Дед и бабушка помогали Илье встать, умыться и одеться. Когда прибегала посвежевшая и раскрасневшаяся от холодной колодезной воды Вера, Ножкин уже сидел в коляске за столом. Прочитав благодарственную молитву и «Отче наш», приступали к трапезе. Её мы описывать не будем, потому что вы сразу побежите мазать хлеб маслом…
Теперь после вкусного сельского завтрака Вера с Ильёй не спешили к мостку. Теперь они находили удовольствие от неторопливых бесед с дедом. Он знал тысячи разных историй про людей праведных и мужественных, чья жизнь нередко обрывалась мученической смертью во имя истинной веры, но никогда не заканчивалась предательством. Эти истории дед называл житиями. Слово «житие» было однокоренным со словом «жизнь», но сколько в нём слышалось мощи! А главное, оно не обрывалось так резко и было таким протяжным, словно в нём заключалась вечность. Да так оно и было, ведь святые, про которых складывались жития, не умирали, а шли на упокой в жизнь вечную…
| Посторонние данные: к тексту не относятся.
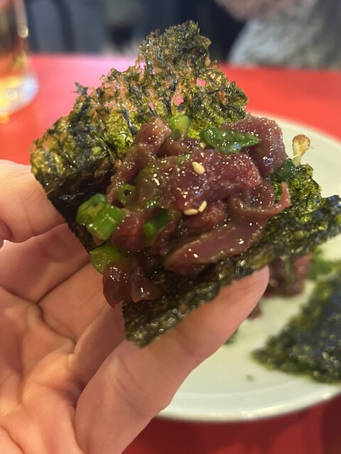 地下鉄新栄町駅から歩いて5分ほどの場所に2024年12月19日にオープンした韓国居酒屋です、さっそく平日の夜に利用してみました。店内はカウンター6席にテーブル4卓ほどの席数、それに2階席もあります。19時30分ころに入りましたがこの日はオープン記念で生ビールが100円ということもあってかほぼ満席と賑わっていました。 メニューは名物という赤タレ鶏もも串であるタッコチをはじめ、サムギョプサル串や... 詳細を見る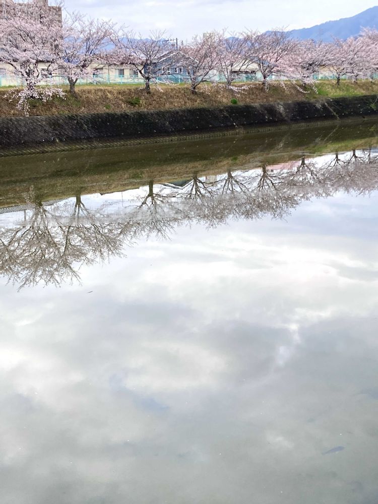 ⑤最後に家の近所の川沿いの桜🌸 水面に写って綺麗だったので📸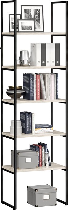 напольная установка, открытая, 5 полок, материал: ЛДСП/металл, стиль: лофт, цвет: белый/дерево светлое/черный, длина 60 см, высота 214 см, глубина 37.2 см

Вера как-то незаметно полюбила возиться в саду и огороде. Она быстро усвоила уроки бабушки Вали и ловко собирала груши, окучивала огурцы, подвязывала помидорные стебли, поливала грядки, порой со смехом брызгая в Илью, сидевшего в тени старой сливы.
Часов в десять над забором возникала голова. Иногда это была голова Кольки, иногда Жеки, иногда Толибаси. И хотя головы были разные, говорили они одно и то же:
– Ну чё, на речку идёте?
– Идите без нас, мы попозже… – неизменно отвечал Илья.
И не то что бы Ножкина перестало тянуть к друзьям, но ему так хорошо было с Верой, что ни о чём другом просто думать не хотелось. С ней легко говорилось, и они говорили часами, совершенно не уставая друг от друга.
– Илья, а ты когда-нибудь раньше влюблялся? – как-то раз спросила Вера.
Видимо, этот вопрос дался нелегко, потому что её щёки полыхнули румянцем. Но и Ножкина вопрос застал врасплох. Он хотел было соврать, но взглянув в чистые глаза девочки ответил честно:
– Да… Только это было давно, когда я… когда я ещё…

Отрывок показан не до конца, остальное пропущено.